- Flag Coat of arms
- Gmina Wielka Nieszawka
- Coordinates (Wielka Nieszawka): 52°59′48″N 18°30′28″E﻿ / ﻿52.99667°N 18.50778°E
- Country: Poland
- Voivodeship: Kuyavian-Pomeranian
- County: Toruń County
- Seat: Wielka Nieszawka

Area
- • Total: 216.28 km^{2} (83.51 sq mi)

Population (2006)
- • Total: 3,929
- • Density: 18.17/km^{2} (47.05/sq mi)
- Website: http://www.bip.wielkanieszawka.lo.pl

= Gmina Wielka Nieszawka =

Gmina Wielka Nieszawka is a rural gmina (administrative district) in Toruń County, Kuyavian-Pomeranian Voivodeship, in north-central Poland. Its seat is the village of Wielka Nieszawka, which lies approximately 9 km south-west of Toruń.

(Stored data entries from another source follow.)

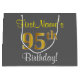 Elegant, Grey, Faux Gold 95th Birthday + Name Large Gift Bag
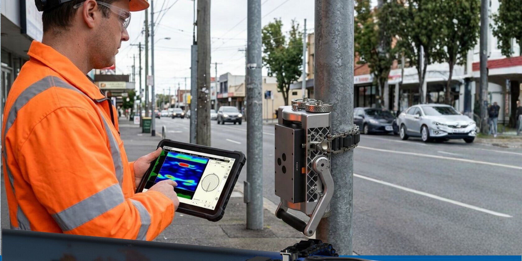 A1050 RANGER to unikalne rozwiązanie na rynku, zaprojektowane specjalnie do wykrywania korozji w trudno dostępnych miejscach, w tym pod podporami i w podziemnych odcinkach, bez konieczności stosowania żelu sprzęgającego.
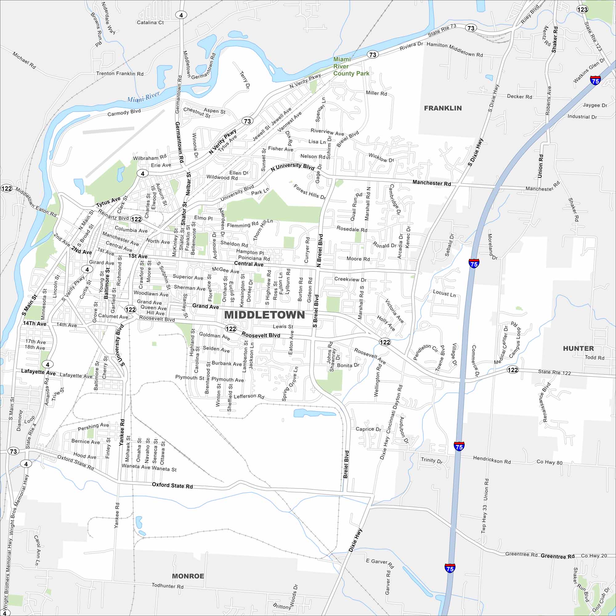 Middletown lies between Cincinnati and Dayton. Our map shows the Great Miami River flowing through town. Neighborhoods, industry, and highways all play a major role here.

The gmina covers an area of 216.28 km2, and as of 2006 its total population is 3,929.

==Villages==
Gmina Wielka Nieszawka contains the villages and settlements of Brzeczka, Brzoza, Chorągiewka, Cierpice, Cierpiszewo, Dybowo, Kąkol, Maciejewo, Mała Nieszawka, Małe Jarki, Pieczenia, Popioły and Wielka Nieszawka.

==Neighbouring gminas==
Gmina Wielka Nieszawka is bordered by the city of Toruń and by the gminas of Aleksandrów Kujawski, Gniewkowo, Lubicz, Obrowo, Rojewo, Solec Kujawski and Zławieś Wielka.